4. Translation of FL1 and FL2 PDYN mRNAs and processing of their protein products
To test whether FL1- and FL2-mRNAs are functional, their peptide products were measured in the caudate nucleus and claustrum. PDYN mRNA (in situ hybridzation), PDYN protein (Western blot analysis) and its processing product dynorphin B (radioimmunoassay, RIA) were detected in both structures with 2-fold higher levels in the caudate nucleus compared with the claustrum. Thus, both FL1 and FL2 mRNAs are translated into PDYN, which is apparently processed into opioid peptides in both brain regions.
5. Regulatory functions of the first FL1 and FL2 exons
To test whether the first FL exon (exon 1 for FL1 and exon 2' for FL2 (Fig. 1)
are involved in the regulation of the PDYN gene expression, their sequences were inserted into a pEGFPN1 plasmid between a CMV promoter and the EGFP protein coding sequence. The plasmids were transfected into neuroblastoma SH-SY5Y cells and the expression of the EGFP reporter gene was analyzed.
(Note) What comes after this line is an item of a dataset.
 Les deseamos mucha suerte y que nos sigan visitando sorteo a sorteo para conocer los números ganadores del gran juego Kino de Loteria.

Western blot analysis demonstrated that insertion of the FL1 exon 1 results in a 2-fold increase in GFP expression. Strong, 10-fold inhibition of expression was observed when the FL2 exon 2' fragment was incorporated. Thus expression of FL1- and FL2-mRNAs may be regulated through exons 1 and 2'.
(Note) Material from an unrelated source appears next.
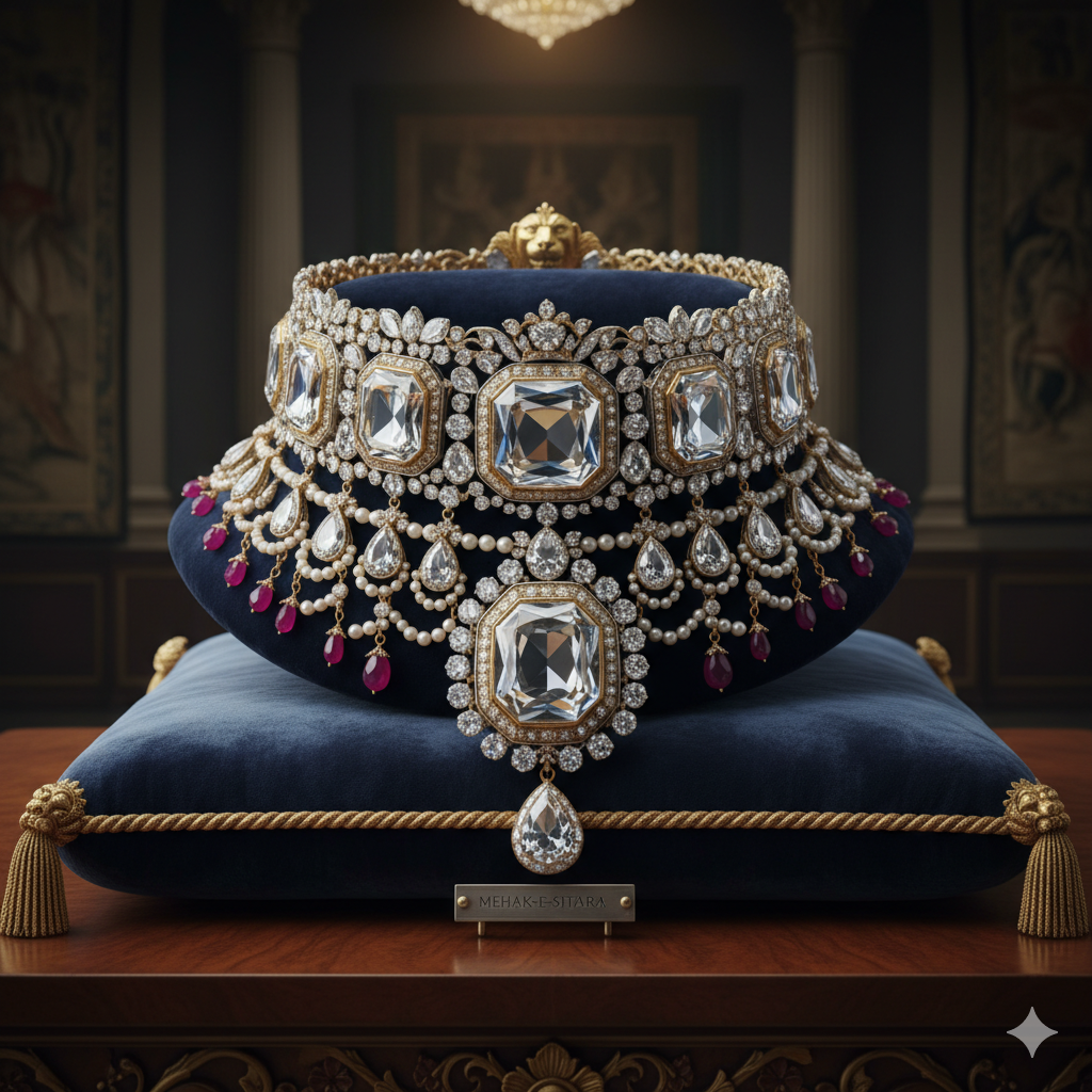The Mehek-e-Sitara stone is cut to reflect a diamond, tracing a history of imperialism through to the modern world, with a suitable price range and a royal look featuring gems and diamonds.

6. Translation of Sp1 PDYN mRNA and processing of its protein product
To test whether the splice variant Sp1 mRNA is translated and the Sp1 protein is processed into peptides, Sp1 cDNA under control of the CMV promoter was transfected into rat insulinoma RINm-5F cells. Protein and peptide products were analyzed by Western blot and by RIA for dynorphin B. These experiments demonstrated that Sp1-mRNA is translated into a protein product that is processed into dynorphin B and dynorphin A and that these peptides are secreted into the culture medium. The efficiency of opioid peptide generation from Sp1 protein was, however, 
4-fold lower than that of FL-PDYN, suggesting a critical role of the deleted segment in the processing of FL1 precursor. Low levels of PDYN of 16 kDa that coincided with the calculated size of Sp1-PDYN were identified by Western blot analysis, suggesting rapid processing of this protein into dynorphins.
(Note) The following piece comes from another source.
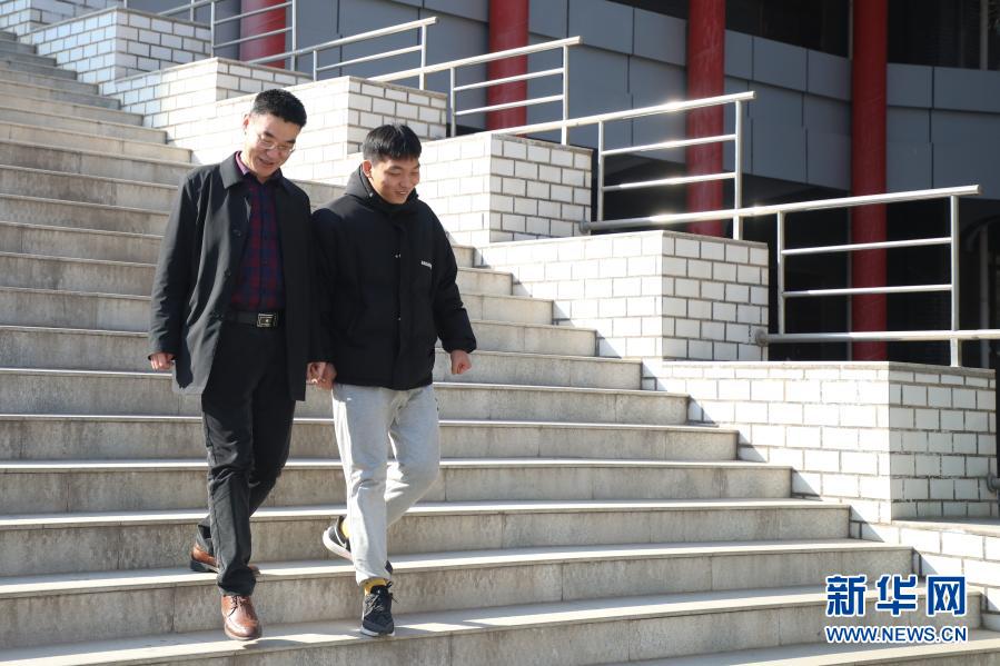 在甘肃农业大学,苌烁森(右)和班主任老师走出办公楼(1月22日摄)。新华社记者 马希平 摄

7. Truncated PDYN proteins
To test whether truncated PDYN mRNA can be translated, T1- and T2-PDYN cDNAs under control of the CMV promoter were transfected into COS1 cells. Peptide fractions isolated from cell extracts and enriched on C18-SEP-PAK columns were analyzed by Western blot with anti-h-PDYN CTF antibodies. Bands with apparent molecular size of 12 and 6 kDa, respectively, coinciding with the calculated molecular size of T1- and T2-PDYN, were detected in cells transfected with expression plasmids but not with vector plasmid. The T1- and T2-PDYN levels were much lower than that of FL-PDYN expressed from the same CMV promoter, suggesting low efficiency of translation of T1- and T2-mRNAs or rapid degradation of the mRNAs or protein products. COS1 cells transfected with CMV-h-FL-, CMV-h-T1- and CMV-h-T2-PDYN plasmids were labeled with anti-h-PDYN CTF antibodies to characterize PDYN localization in cells. FL-PDYN demonstrated a pattern characteristic for localization in the endoplasmic reticulum. T1-PDYN was primarily localized in the cell nuclei, whereas the T2 protein was seen exclusively in the cytoplasm of transfected cells. This indicates that the nuclear localization signal is situated between the Met146 and Met198 residues in the N-terminal segment of the T1-PDYN that is absent in T2-PDYN.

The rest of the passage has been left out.